Transcom commander Air Force Gen. Randall Reed — who took charge about six months ago — shared new details this week about that work and related efforts to expand communications with the command’s military and industry partners as they collectively confront navigation-related risks.

“The Houthis behaving the way they are changes a little bit of [our] behavior from the standpoint that a threat actually exists — and they’re projecting a threat continuously. So, understanding that that’s the case now, you do have to pay attention to that and then see what you can do to actually get around that,” Reed told DefenseScoop on the sidelines of the Sea-Air-Space summit. 

The Yemen-based group has launched hundreds of one-way attack drones and missile assaults against U.S. and other nations’ military and commercial vessels since October 2023. Houthi leaders have indicated that the operations largely mark their protest to America’s support for Israel’s military actions in Gaza.

U.S. Central Command has responded with deadly strikes against the Houthis.

Recent maritime data indicates that companies have rerouted their ships to longer sea lanes that require much more transit time, as a result of this conflict. 

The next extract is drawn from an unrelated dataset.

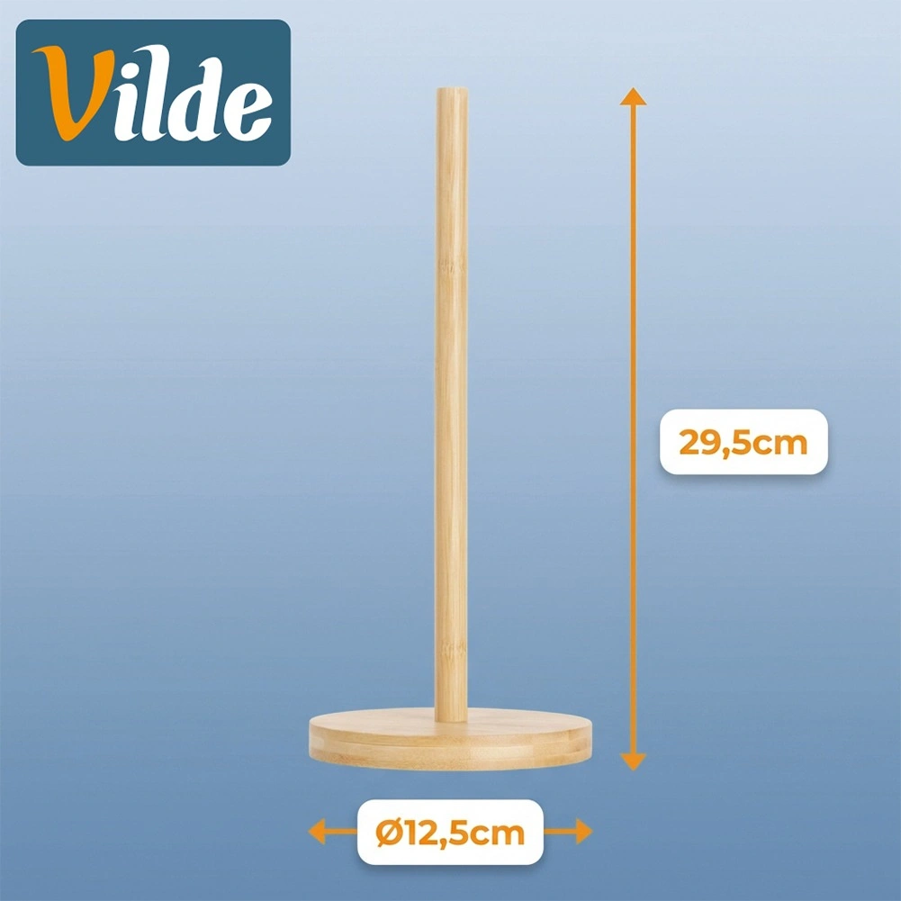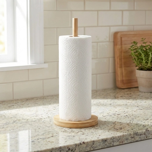 Praktický bambusový stojan na papierové utierky s rozmermi 12,5 × 12,5 × 29,5 cm zaistí, že budete mať utierky vždy po ruke. Stabilná okrúhla základňa, ekologický bambus a ľahké odtrhávanie hárkov uľahčia varenie, upratovanie aj každodennú prevádzku kuchyne.
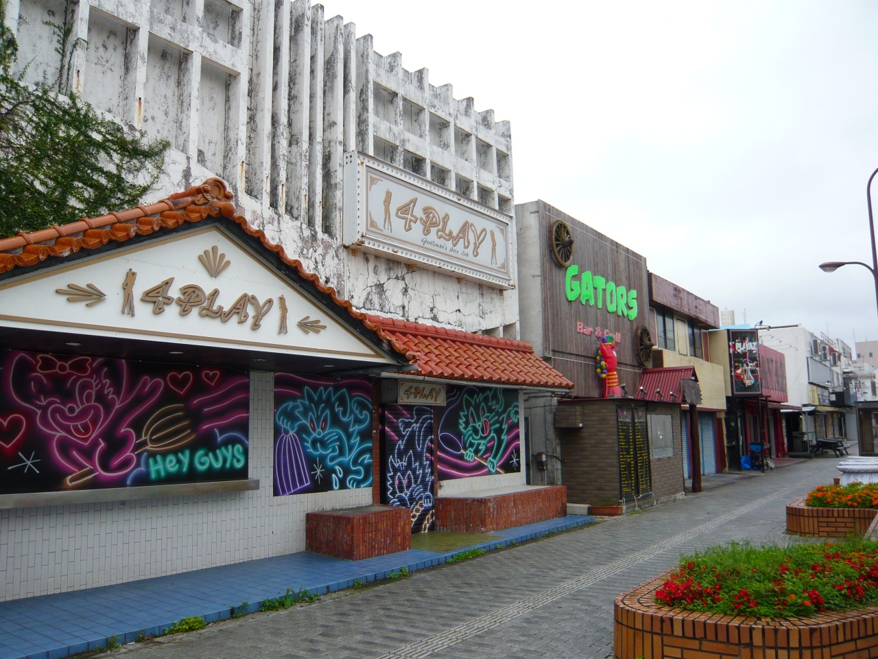 夜になるとバー、クラブ(もちろん踊る方)、gentleman's club(ハリウッド映画でよく見るポールダンスのあるストリップ)がほとんどです。週末になると米兵でにぎわいます。日本人が一人でウロウロすると男でもちょっと怖いです。

Prior to taking the helm as Transcom’s commander last year, Reed — a command pilot with more than 3,500 flight hours — led a numbered air force, wing, expeditionary operations groups, and a flying training squadron. He’s also held a variety of joint, headquarters, and base-level roles. 

“I mention frequently to folks that logistics, inherently, is a world of disruption, and so something is going to happen somewhere to take you off plan,” Reed said. “There’s always another path. We’re always fighting for multiple ways to get things done.”

What’s unique about the contemporary challenges in and around the Red Sea, he noted, is that Transcom’s close commercial partners that enable some of its most vital mobility missions could be affected, and therefore need to remain informed.

“We have an established structure where we get together twice a year, at least — but when the need arises, we get together to address an issue. In this case, it’s the Red Sea. And so we will gather as much as required. And for a while there, it was about every two weeks where there was information-sharing,” Reed told DefenseScoop. 

“We would let them know what we knew. We would let them know the nature of the conflict as we saw it. We would get their concerns, and we would work together to make adjustments so that they could still [operate],” he explained.

A range of military officials connect and exchange information and data with industry leaders and representatives through this hub, which is referred to as Transcom’s “executive working group.”

“As things start out, there’s a level of sharing of understanding — and so folks just share what they know. We get an idea of what the environment is, we talk about the nature of the requirements or the needs, and then if there’s something to overcome, or some adjustment that needs to be made, we discuss that. Then, from there, it’s just professionals having a professional discussion about doing the profession,” Reed said.

During his keynote presentation at Sea-Air-Space, the general noted how, for the American military, logistics and sustainment have presented long-standing challenges for centuries. Now, however, those operations are happening in environments that are becoming more contested.

“In the Red Sea today, we have sailors — both active duty and civilian — who are sailing in harm’s way … and there’s some things that we need to change. So, from a Transcom perspective, this is one reason why you hear us being very vocal about returning to the oceans. This is one reason, when [President Donald Trump] mentioned that we were going to stand up [a U.S. ship-building support] office to figure out this problem, that all of us in this room got a little bit more excited. We all know that there’s several aspects to this. And you will find in me no greater champion and supporter to build for America, to establish supply chains that we depend on, to encourage the generations behind us to take the seas to sail and to help my shipmates get everything that they need to have,” Reed told the audience.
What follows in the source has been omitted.